There is a long silence on the other end of the line, and if not for the fact that Eric can hear the creaking of the elderly human's heartbeat, he would think he'd hung up on him.

"I am going to take you at your word, young man," says the lawyer-forgetting, as humans his age do, how inappropriate the epithet is. "God save me from regretting it."

Eric waits. He hears the crackle of paper, and the lawyer clears his throat, then begins to read.

"My dear Sookie, I realize that this letter may be unwelcome to you, but I thank you for reading it anyway. I cannot think of any words to say to you apart from those I have said already, but I must say them again: I love you more than my own life, and I am grieved to my very soul by the knowledge that I have lost your trust. I know that I have only myself to blame, and that I have no defense to offer, nor any other plea to make, than that you forgive me, and give me the chance to prove myself to you once more. I do not wish to place you in an awkward position, and I will not force my company upon you. If you can find it in your heart to give me another chance, reply to this letter. If I do not hear from you by the end of the week, I will accept that my offenses are irredeemable, and make such amends as I can by removing myself entirely. All the love in my heart, William Compton."

Eric is silent for a long moment after, digesting what he has heard. "Not definitive," he says at last. "But certainly suggestive."

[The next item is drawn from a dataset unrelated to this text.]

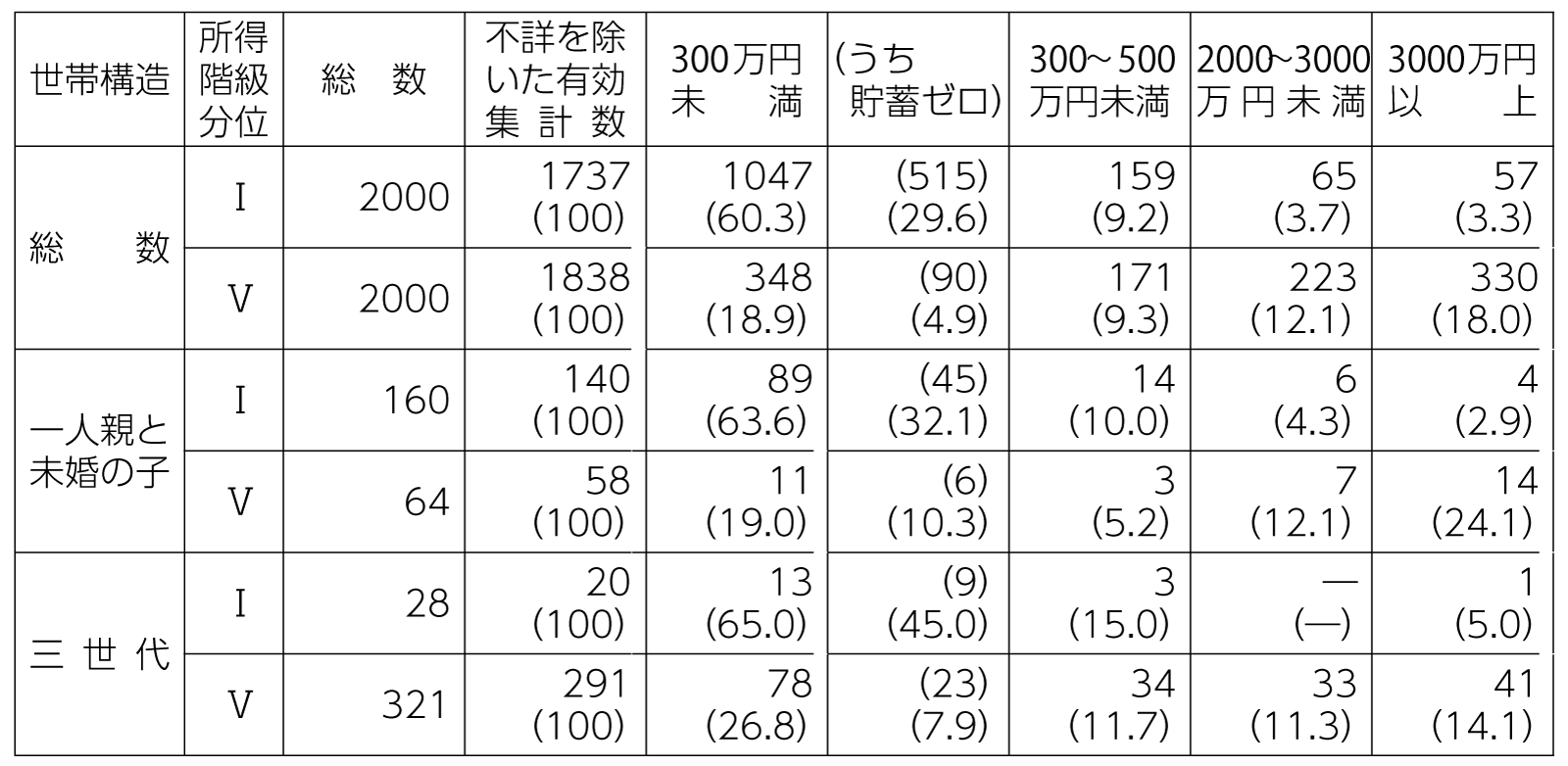 しかし、所得階級第Ⅴ分位では違った状況になっています。18%が3000万円以上の貯蓄を保有する一方、28・2%の世帯は貯蓄500万円未満となっています。つまり、所得階級最上位の世帯の中でも、貯蓄の面では大きな開きがあることがわかります。この点は、世帯構造別に貯蓄額の分布をみると、より明瞭になります。「三世代」世帯では第Ⅴ分位に属する世帯でも約27%が貯蓄300万円未満で、3000万円以上の貯蓄を持っている世帯の割合(14・1%)の2倍近くになっています。「一人親と未婚の子」世帯でも、19%が貯蓄300万円未満、24・1%が500万円未満となっています。かなりの収入を得ていても、コロナ禍で休業・休職を余儀なくされると、たちまち貯蓄を使い果たし、困窮に陥る世帯が多いのはこうした貯蓄格差によるものと思われます。
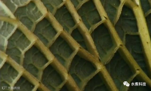 这叶子由一系列复杂的叶脉和叶柄支撑

"Yes, I thought so. And whatever else, it certainly proves that he loved her, and held himself to blame for their separation."

"Indeed." Eric thanks the lawyer and hangs up the phone.

With minutes to spare before the dawn, he secures the entrance to the room and lowers himself into the cheap pressboard coffin provided by the motel.

His last thought, before the daylight takes him, is that if only Bill Compton were alive, he would dearly love to tear him limb from limb.